The higher interest rates rise the larger this comparative advantage for Berkshire Hathaway becomes.

There’s always a caveat

But, sadly, this is investing and markets so nothing is going to be purely as simple as that.

Berkshire's profits are not just going to climb off into the stratosphere as interest rates rise. There's also a countervailing process here.

Sabre Insurance shares halved when they revealed the problem – inflation. So, if you charge now for something you’ve got to pay for in the future you’ve got a problem.

Insurers write their policies based upon today’s prices. But the claims come in later, after prices have risen. If you’ve got rising, or unexpected, inflation then you’re going to get screwed – Sabre was, by exactly this. The company wrote car insurance based on today’s costs of repairing a car. By the time the crash happened there had been 10% inflation – often more with cars in fact. That’ll kill margins.
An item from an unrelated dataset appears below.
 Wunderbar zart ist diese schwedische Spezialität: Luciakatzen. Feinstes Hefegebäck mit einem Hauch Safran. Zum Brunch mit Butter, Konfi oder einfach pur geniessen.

Now, interest and inflation, there should be some relationship between those two. Interest should be higher than inflation in fact, at least in a well-ordered economy. Or, the other way to say this, real interest rates should be positive – if inflation is 10% then interest should be 11% or more. As we can all see this isn't how it's going at present.
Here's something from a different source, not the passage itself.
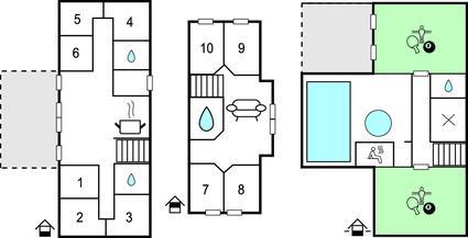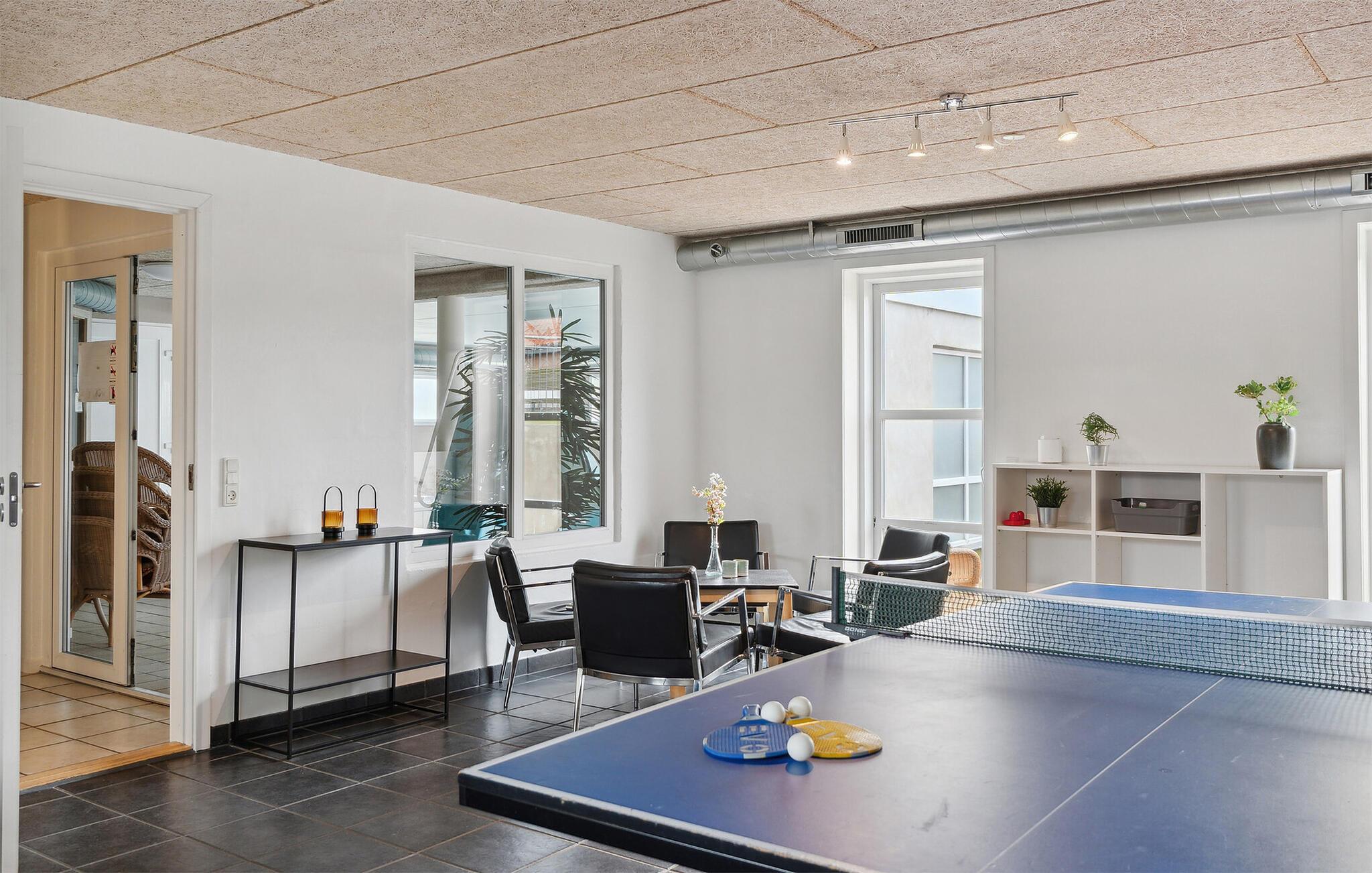 Unweit des reizvollen Städtchens Ebeltoft, in dem wunderschönen Mols Bjerge Nationalpark liegt dieses fantastische und dreistöckige Haus. Es ist ein Traum für eine große Familie oder Familien, die gerne zusammen verreisen wollen. Zahlreiche Schlafzimmer und ein Schlafboden bieten Ihnen Ruheoase, in denen Sie Ihre Nachtruhe genießen können, nachdem Sie die Vorzüge des großen Hauses entdeckt haben. Im ersten Stock erwartet Sie ein geräumiges Wohnzimmer mit gemütlichen Möbeln und einem Holzofen für kühle Tage. Von hier aus können Sie die Aussicht auf Ebeltoft Vig und Fregatten Jylland genießen. Die Gestaltung mit schönen Farben und modernen Möbeln sorgt für zusätzliche Gemütlichkeit und Atmosphäre. Für ganz viel Spaß und Unterhaltung sorgen die zwei Aktivitätsräume mit einer herrlichen Auswahl an Spieltischen und Sportmöglichkeiten, ebenso wie die schöne Poolabteilung mit Wasserrutsche, großem Whirlpool und Sauna.
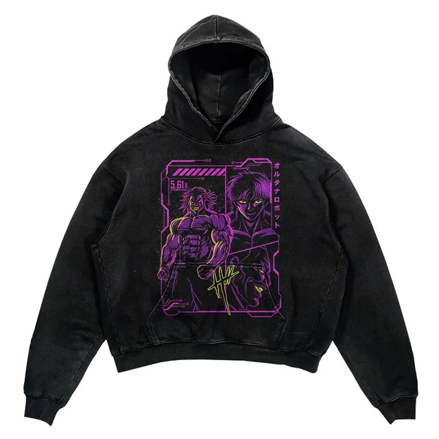 🥊👕"Fist of Strength" - Baki Retro Graphic Hoodie 🥊👕

So, inflation and inflation alone is losing money for insurers – and yes, this is happening inside Berkshire Hathaway as well. Rising interest rates makes money for insurers – that increase in the return on the float. Plus the widening of the competitive advantage by being able to finance investments below market rate. It’s the balance of the two that will determine the overall effect on an insurer’s margins.

The really interesting point comes when interest rates rise above the inflation rate. This is most likely going to be when inflation falls – no one is really predicting even nominal, let alone real, interest rates up at the 9 and 10% of today’s inflation rate. But when that does happen, when real interest rates are positive, then the two factors stop pulling in opposite directions.

Inflation stops being a drag on profit as the interest earned more than makes up for the price rises between premium receipt and claim paid. Insurers – not just Berkshire Hathaway – should benefit hugely at that point. The trigger is when real interest rates, adjusted for inflation, are positive. When the Federal Funds Rate, or the Bank Rate here in the UK, is above the CPI as announced by the authorities.

At which point our only remaining question is when will that be? Unfortunately this is indeed investment, markets, so we don't know. We can either make our positions now and hope, or wait for those tow rates to converge and hope we’re not too late to capture the price movement.

The underlying economics here is sound. Insurance companies benefit from higher interest rates, suffer from inflation. There’s a balance point where the overall effect is definitively beneficial, when real interest rates are positive. The investing question is OK, when?